- Work task:
Restate the data word for word. Leave the pictures out.

- Supplied records:
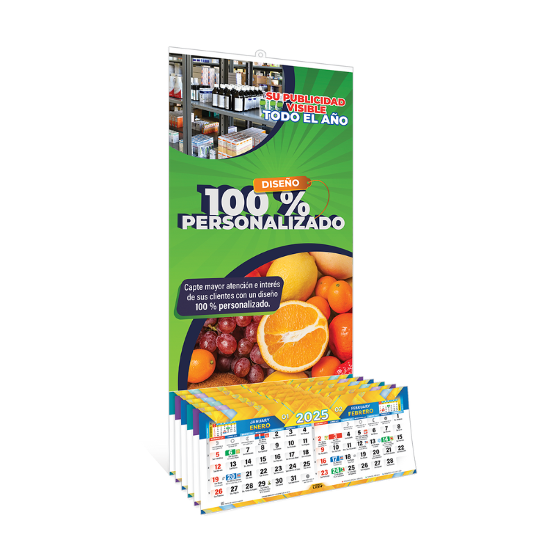 Calendario de pared con diseño 100% personalizado, impreso a todo color en papel satinado, santoral de 6 hojas y varilla con ojillo para colgar.
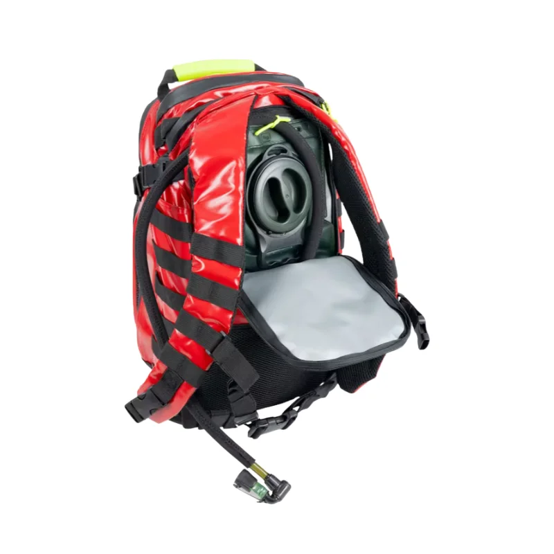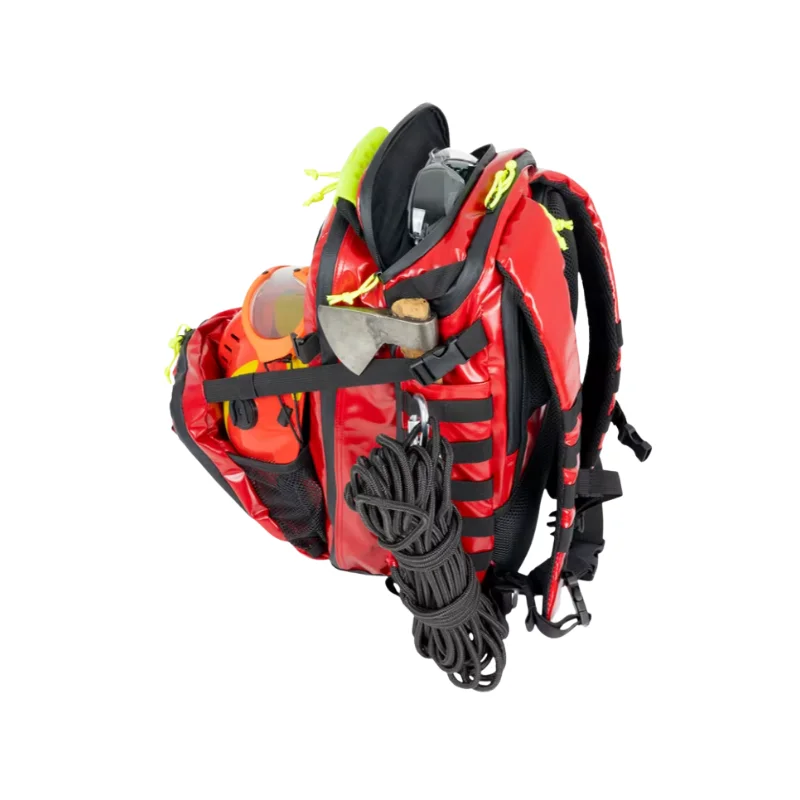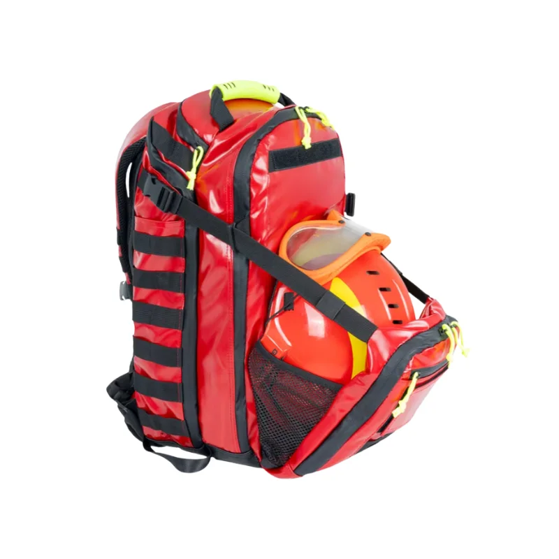 Mochila robusta y funcional diseñada para el transporte de cascos y equipo esencial en situaciones de emergencia. Ideal para bomberos y personal de rescate que necesita acceder rápidamente a sus herramientas.
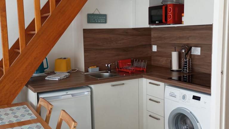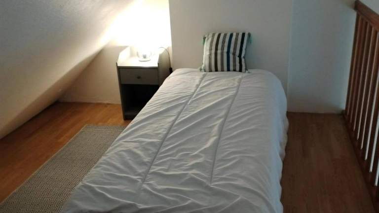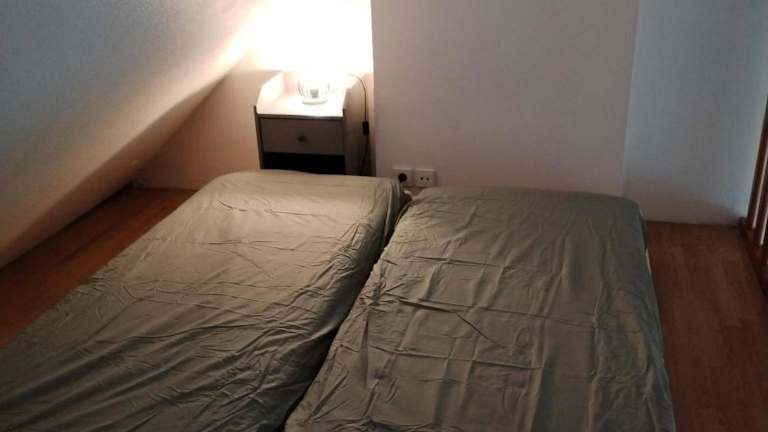 Die Ferienwohnung besteht aus einem Schlafzimmer und einem Wohnzimmer. Sie verfügt über eine voll ausgestattete Küche mit Kühlschrank und Wasserkocher sowie einem Badezimmer mit Dusche und Haartrockner. Insgesamt bietet die Unterkunft eine einfache und heimelige Atmosphäre, perfekt für entspanntes Wohnen während der Ferien.
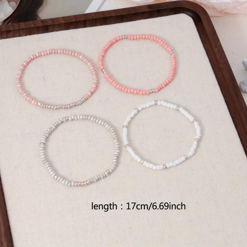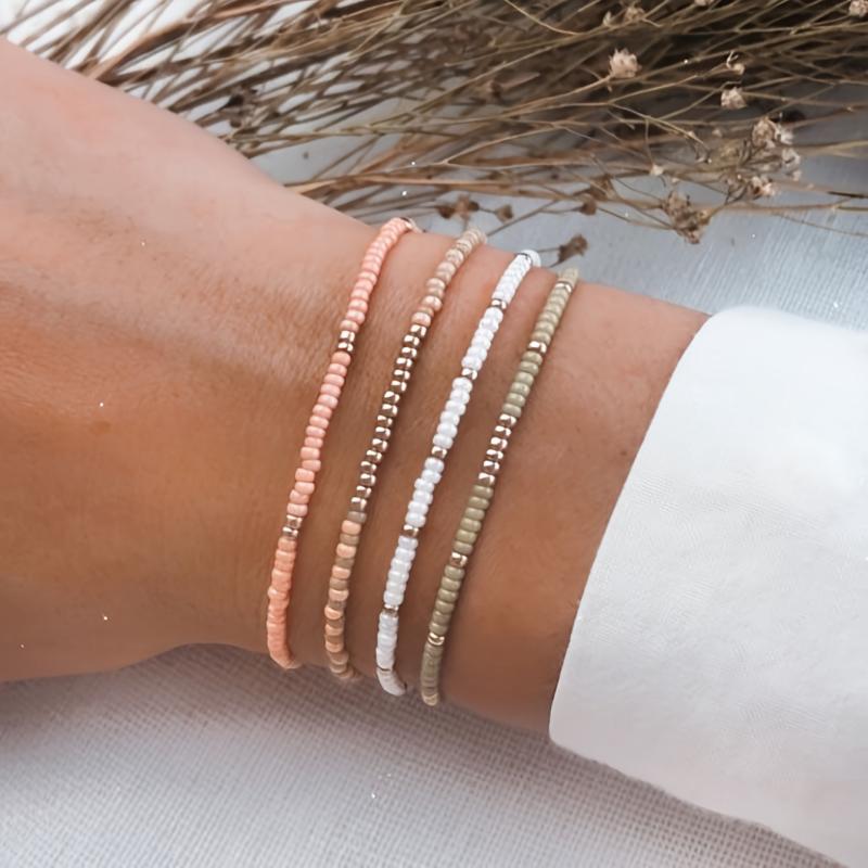 Enhance your daily style with this 4-piece bohemian beaded bracelet set perfect for casual wear and vacation. Mix and match for a fun look.
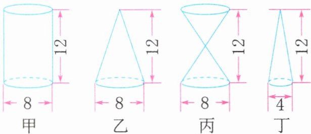 3. 下面四个立体图形的体积之间的关系正确的是( )。(单位:cm)
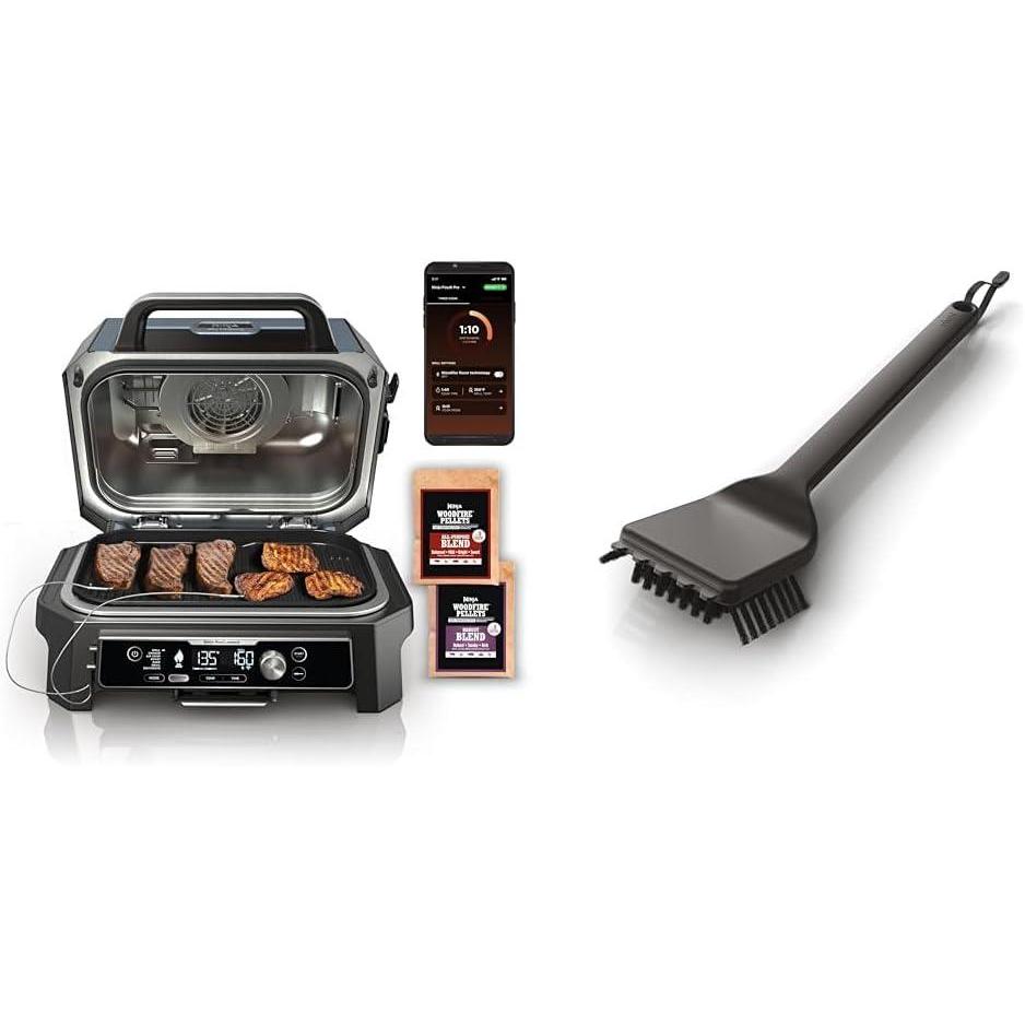 Ninja Woodfire ProConnect Premium XL Grill & Smoker Bundle with Cleaning Brush for OG700/800/900 Series Grills(7-in-1 Grill+Thermometer+App Connect)

- Output for this task:
 Calendario de pared con diseño 100% personalizado, impreso a todo color en papel satinado, santoral de 6 hojas y varilla con ojillo para colgar.
 Mochila robusta y funcional diseñada para el transporte de cascos y equipo esencial en situaciones de emergencia. Ideal para bomberos y personal de rescate que necesita acceder rápidamente a sus herramientas.
 Die Ferienwohnung besteht aus einem Schlafzimmer und einem Wohnzimmer. Sie verfügt über eine voll ausgestattete Küche mit Kühlschrank und Wasserkocher sowie einem Badezimmer mit Dusche und Haartrockner. Insgesamt bietet die Unterkunft eine einfache und heimelige Atmosphäre, perfekt für entspanntes Wohnen während der Ferien.
 Enhance your daily style with this 4-piece bohemian beaded bracelet set perfect for casual wear and vacation. Mix and match for a fun look.
 3. 下面四个立体图形的体积之间的关系正确的是( )。(单位:cm)
 Ninja Woodfire ProConnect Premium XL Grill & Smoker Bundle with Cleaning Brush for OG700/800/900 Series Grills(7-in-1 Grill+Thermometer+App Connect)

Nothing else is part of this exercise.